Environment Water Resources Regulatory Reform Infrastructure

Legislative Strategy

"Codify exclusions from navigable waters definition to limit Clean Water Act jurisdiction, reducing federal permitting requirements for activities affecting certain water features"

Likely Beneficiaries

  • Agriculture and farming operations
  • Real estate developers
  • Construction companies
  • Mining operations
  • Oil and gas companies
  • Industrial facilities with waste treatment systems

Likely Burden Bearers

  • Environmental regulators (EPA, Army Corps of Engineers)
  • Environmental conservation groups
  • Downstream communities dependent on water quality
  • Wetland and watershed ecosystems

Bill Structure & Actor Mappings

Who is "The Secretary" in each section?

Domains
Environment Water Resources Regulatory Reform
Actor Mappings
"the_secretary"
→ Secretary of the Army
"the_administrator"
→ Administrator of the Environmental Protection Agency (EPA)
"chief_of_engineers"
→ Chief of Engineers, U.S. Army Corps of Engineers

Key Definitions

Terms defined in this bill

1 term
"navigable waters (exclusions)" §502(7)(B)

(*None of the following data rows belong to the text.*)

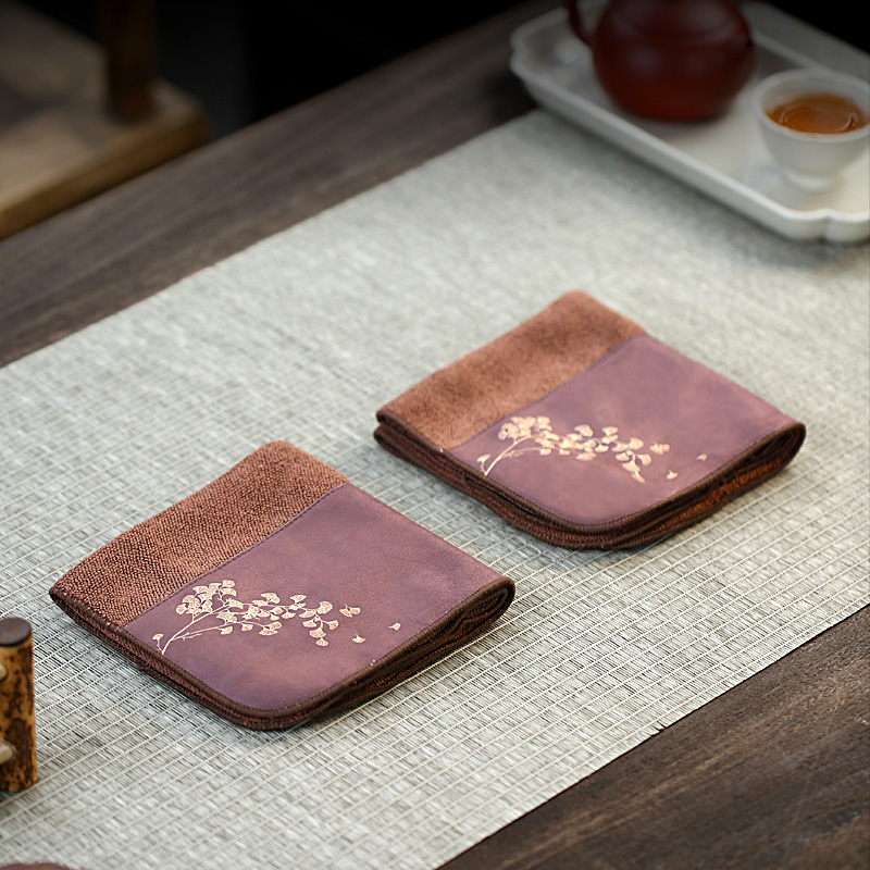 Thick and absorbed tea towel Kung fu tea table tea table pot cushion towel Ginkgo leaves
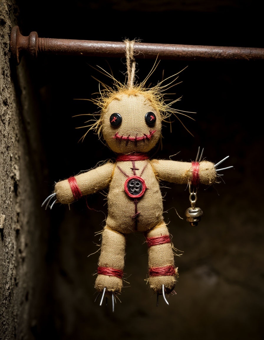 Как только верёвка готова, в полночь, в полнолуние, из верёвки нужно сделать петлю и надеть на голову кукле. Теперь куклу нужно повесить, как висельника, в укромном месте на гвоздь, и 9 раз произнести заклинание:
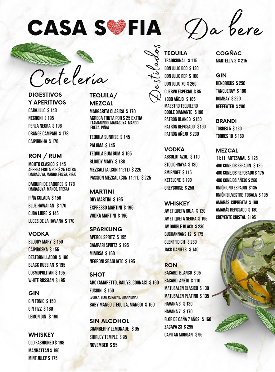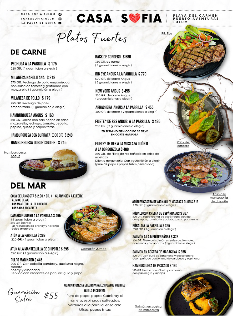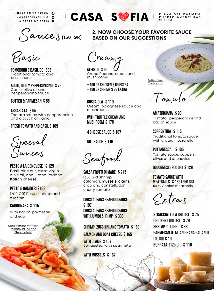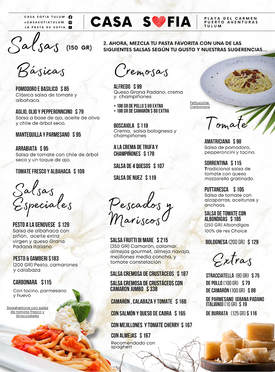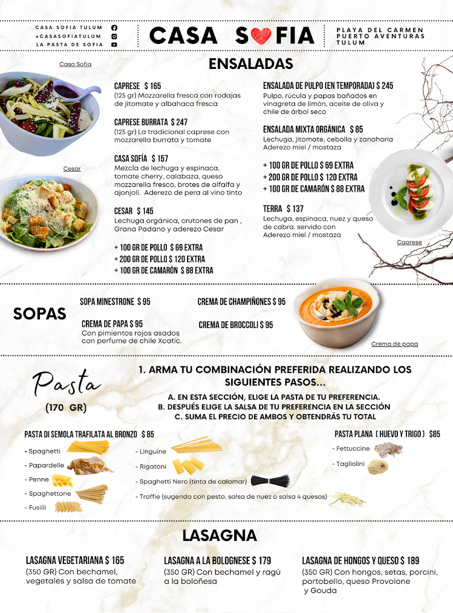 Restaurante Pizzeria Casa Sofia Tulum Menu
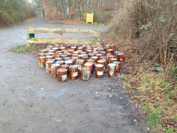 Am Nachmittag des 18. Januar wurden die Einsatzkräfte zum Parkplatz am Fuße des Buchbergs alarmiert. Unbekannte hatten dort rund 30 Blechgebinde mit Lack- und Farbresten abgestellt. Ein weiteres Mal dann am Morgen des 19. Januar: Auch hier waren es die gleichen Gebinde. Geschätzte 80 Behälter standen am östlichen Parkplatz des Friedhofs am Rödelberg. Die stark verrosteten Behältnisse wurden von den Einsatzkräften auf ein Pritschenfahrzeug geladen und zu einer gesicherten Verwahrungsstelle gebracht. Bereits ausgetretene Flüssigkeit wurde mit Bindemittel aufgenommen. Teilweise war ein Abtrag der Erdoberfläche notwendig.
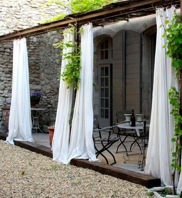 Las pérgolas quedan muy decorativas colgándoles cortinas fluidas, que además proporcionan sombra cuando sol incide por los laterales.
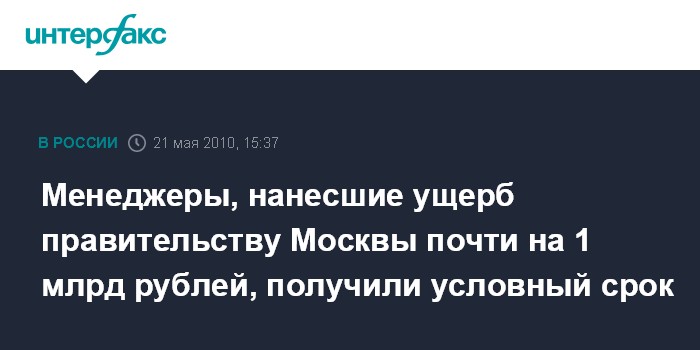 Менеджеры, нанесшие ущерб правительству Москвы почти на 1 млрд рублей, получили условный срок
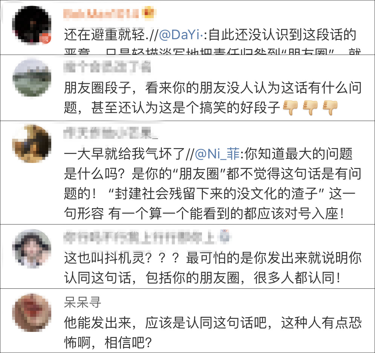 但他的道歉博文並未獲得網友諒解,有人認為其身為公眾人物,並未意識到隨意散播對女性羣體不尊重的言論的嚴重性,還陰陽怪氣內涵網友。
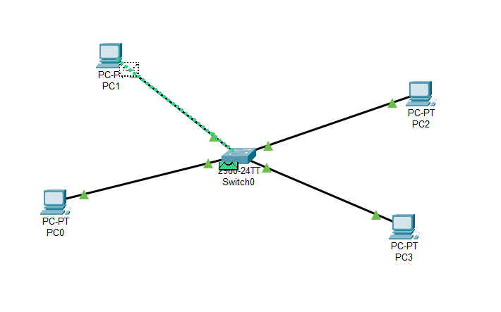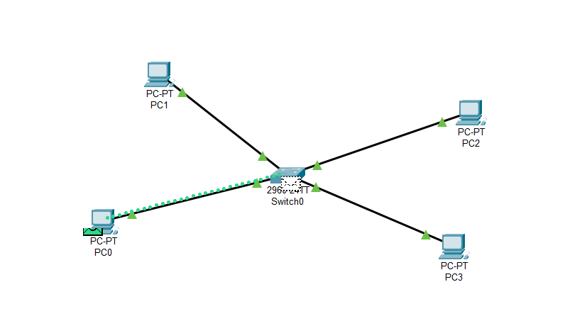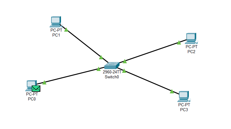 Yukarıdaki görselde sırasıyla 1 adet Switch'imiz ve 4 adet bilgisayarımız bulunuyor. Biz, PC0'dan PC1'e bir veri göndermek istiyoruz ve istediğimiz için yeşil zarf PC0'da bekliyor. Şimdi ne olacak?
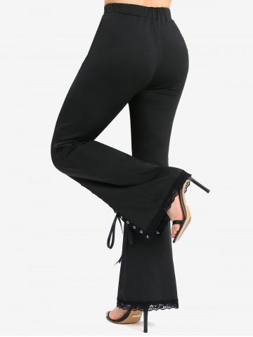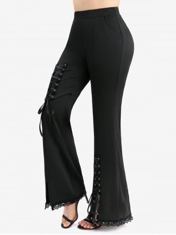 R*****r5Plus Size Lace Trim Lace-up Split Pockets Solid Flare PantsColor: BLACK Size: 3X | US 22-24These look better on. I was a little sketchy when first arrived but they are super stretchy and very comfortable. A little long and I stand 5'5 but not so long you can't wear them.
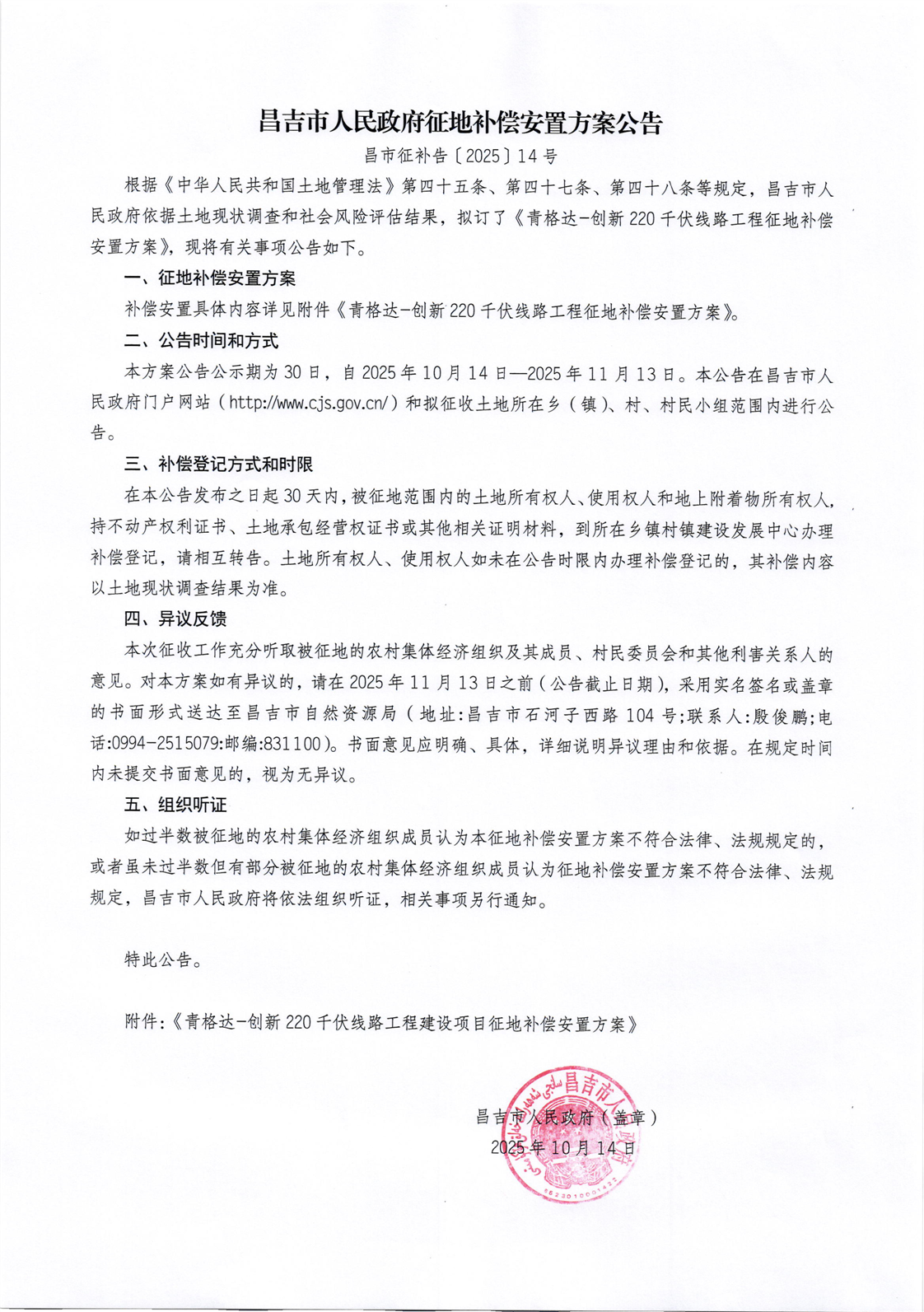 二六工镇下六工村-青格达-创新220千伏线路工程-昌吉市人民政府征地补偿安置方案公告

Navigable waters does NOT include: (i) waste treatment systems, including treatment ponds or lagoons designed to meet CWA requirements; (ii) ephemeral features that flow only in direct response to precipitation; (iii) prior converted cropland; (iv) groundwater; (v) any other features determined to be excluded by the Administrator or the Secretary of the Army, acting through the Chief of Engineers.

We use a combination of our own taxonomy and classification in addition to large language models to assess meaning and potential beneficiaries. High confidence means strong textual evidence. Always verify with the original bill text.